Task details: The lines below, from the one holding "配線を途中で切って、ギボシで純正同様に作り直します。" through the one holding "검색을 해 보면, 여러", are to be restated word for word, with all images left out.

Provided records:
----
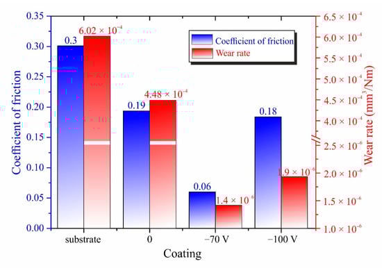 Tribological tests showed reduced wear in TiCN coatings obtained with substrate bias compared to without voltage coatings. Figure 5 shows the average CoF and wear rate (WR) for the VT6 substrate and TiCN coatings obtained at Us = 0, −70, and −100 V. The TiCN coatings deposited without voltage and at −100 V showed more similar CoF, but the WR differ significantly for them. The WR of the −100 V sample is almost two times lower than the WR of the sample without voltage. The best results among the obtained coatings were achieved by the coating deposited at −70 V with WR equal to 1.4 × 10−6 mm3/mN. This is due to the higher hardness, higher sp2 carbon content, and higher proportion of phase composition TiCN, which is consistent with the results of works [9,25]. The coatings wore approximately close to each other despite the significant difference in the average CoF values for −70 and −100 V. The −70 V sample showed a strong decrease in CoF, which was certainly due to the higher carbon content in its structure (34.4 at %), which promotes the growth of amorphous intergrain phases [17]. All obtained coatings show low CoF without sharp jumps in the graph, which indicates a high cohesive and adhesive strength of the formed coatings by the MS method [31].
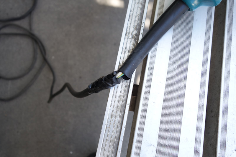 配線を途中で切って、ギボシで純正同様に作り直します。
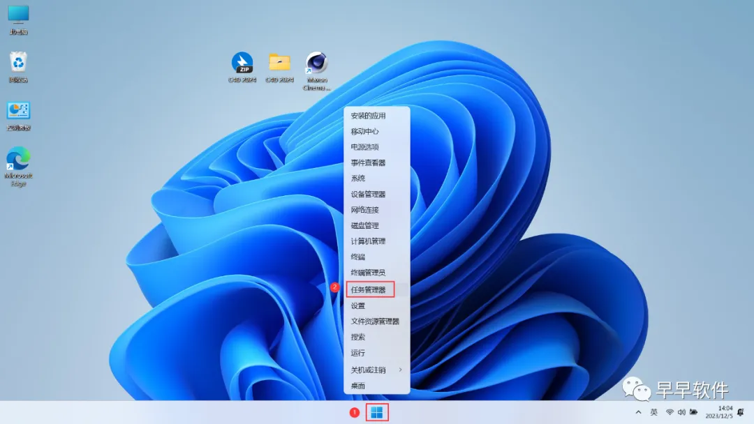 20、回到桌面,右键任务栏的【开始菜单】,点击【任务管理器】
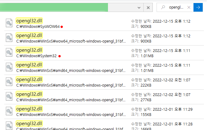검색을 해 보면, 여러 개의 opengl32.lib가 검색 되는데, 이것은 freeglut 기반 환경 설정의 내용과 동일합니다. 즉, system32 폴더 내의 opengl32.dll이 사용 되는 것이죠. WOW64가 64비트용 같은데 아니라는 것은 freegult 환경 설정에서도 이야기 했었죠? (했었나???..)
----
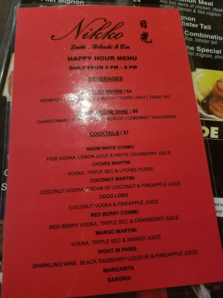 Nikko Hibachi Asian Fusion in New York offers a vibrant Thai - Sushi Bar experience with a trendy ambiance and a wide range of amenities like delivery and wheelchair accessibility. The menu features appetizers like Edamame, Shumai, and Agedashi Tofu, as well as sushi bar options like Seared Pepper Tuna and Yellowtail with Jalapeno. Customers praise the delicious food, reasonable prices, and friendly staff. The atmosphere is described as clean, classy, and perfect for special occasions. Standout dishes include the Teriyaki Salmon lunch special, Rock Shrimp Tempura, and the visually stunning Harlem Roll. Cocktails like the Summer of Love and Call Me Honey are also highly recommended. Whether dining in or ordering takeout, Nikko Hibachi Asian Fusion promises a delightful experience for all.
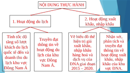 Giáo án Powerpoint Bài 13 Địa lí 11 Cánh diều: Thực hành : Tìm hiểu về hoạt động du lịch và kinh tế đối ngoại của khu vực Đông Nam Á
----
Solution to the exercise:
 配線を途中で切って、ギボシで純正同様に作り直します。
 20、回到桌面,右键任务栏的【开始菜单】,点击【任务管理器】
검색을 해 보면, 여러 개의 opengl32.lib가 검색 되는데, 이것은 freeglut 기반 환경 설정의 내용과 동일합니다. 즉, system32 폴더 내의 opengl32.dll이 사용 되는 것이죠. WOW64가 64비트용 같은데 아니라는 것은 freegult 환경 설정에서도 이야기 했었죠? (했었나???..)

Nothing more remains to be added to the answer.